Contesting the History of Benin Kingdom

Peter P. Ekeh


Once Upon a Kingdom: Myth, Hegemony, and Identity, by Isidore Okpewho. Bloomington: Indiana UP, 1998.

Anioma : A Social History of the Western Igbo People, by Don C. Ohadike. Athens: Ohio UP, 1994.

Ancient African civilizations span the course of several millennia, in time, and a large expanse of lands stretching from the Nile Valley across the cursed Sahara to the forest states of West Africa, in space. Many states and kingdoms lived and thrived centuries ago in these regions. Most of them have now been packaged into intellectual memory banks that historians and their ever-probing kindred colleagues in learned literary studies love to mine. Egypt, Kush, Nubia, Ghana, Songhai, and dozens more ancient civilizations that are claimed for Africa have been respectfully treated by African historians and literati.

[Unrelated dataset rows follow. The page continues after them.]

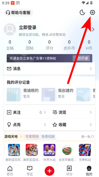 2、在個(gè)人中心頁(yè)面,點(diǎn)擊右上角設(shè)置圖標(biāo),進(jìn)入設(shè)置頁(yè)面。
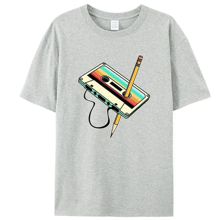 Men Short Sleeve 80s Cassette Tape Pencil 1980s Retro Vintage Throwback Music T-Shirt Women Clothing Vintage T Shirt Camisetas
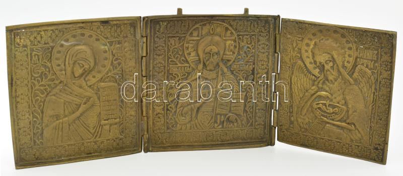 Antik orosz utazó triptichon, bronz, jó állapotban, 14×35 cm

Many of these past states and civilizations died away before European incursions into Africa introduced new dynamics in the continent's public affairs. Their histories live in blessed memory and are generally safe from attacks by either European managers of the images of Africa or by modern African historians and literary men and women. Who wants to besmirch Egypt's reputation for its atrocities in Kushland? Many African intellectuals would prefer that we allow the holy pharaohs, who have brought so much pride to us in Africa, to rest in peace. Ancient Ghana's glory and veritable history of conquests of ethnic neighbors have been appropriated by nationalist Kwame Nkrumah for his country whose profane colonial designation of Gold Coast he changed to the famed and exalted name of Ghana in 1957--perhaps the greatest gift this anti-imperialist campaigner made to his native land. Walter Rodney, the formidable Caribbean scholar of African affairs, was bemused by the practices of African intellectuals who rush to invoke the heritage of Ghana, Mali, and Songhai in their search for the validation of claims that Africa too was well developed before the troublesome Europeans arrived in our lands. 1 In this wonderful show of good grace and good manners to kingdoms that are no more, such acts as King Mansa Musa of Mali's reckless endangerment of his country in his carting away so much wealth to Arab lands in his year long pilgrimage to Mecca in the fourteenth century are forgiven or even glorified. 2

Such robust respect for dead ancient African civilizations contrasts sharply with the searching attitudes and attention by African historians and the literati towards those of Africa's indigenous states and civilizations that survived into the European era of dominance and into our own times. [End Page 147] Consider just how well Ethiopia and Benin would have been received into our archives of glorious history if they had avoided survival from the past, thus escaping confrontation with vicious English propaganda in the 1890s that has ruined their images. If only it too had died, Ethiopia would have escaped scathing attacks from Oromo intellectual nationalists who have successfully revealed many foul blemishes in the moral valuation of what Oromo intellectuals derisively label as Abyssinian civilization. 3 And if only Benin had disappeared by, say, some act of self-inflicted civil war, as Oyo did in the nineteenth century before the British arrived into its once proud country, then perhaps Benin kings would have dodged Isidore Okpewho's biting analyses of their behaviors in Once Upon a Kingdom.

We must take Okpewho's analysis and thesis on Benin seriously. To do so we need to evaluate his claims not just against local standards and sentiments in Benin City and its historic peripheries. That is what Okpewho has called upon us to do. We will engage him and his book in such local analysis. But we must go beyond that angry land of disputes among ethnic intellectual nationalists and treat Benin as an ancient African civilization that survived from the past, diminished but relatively intact at the end of the nineteenth century. In this respect, pagan Benin has close parallels, but also sharp...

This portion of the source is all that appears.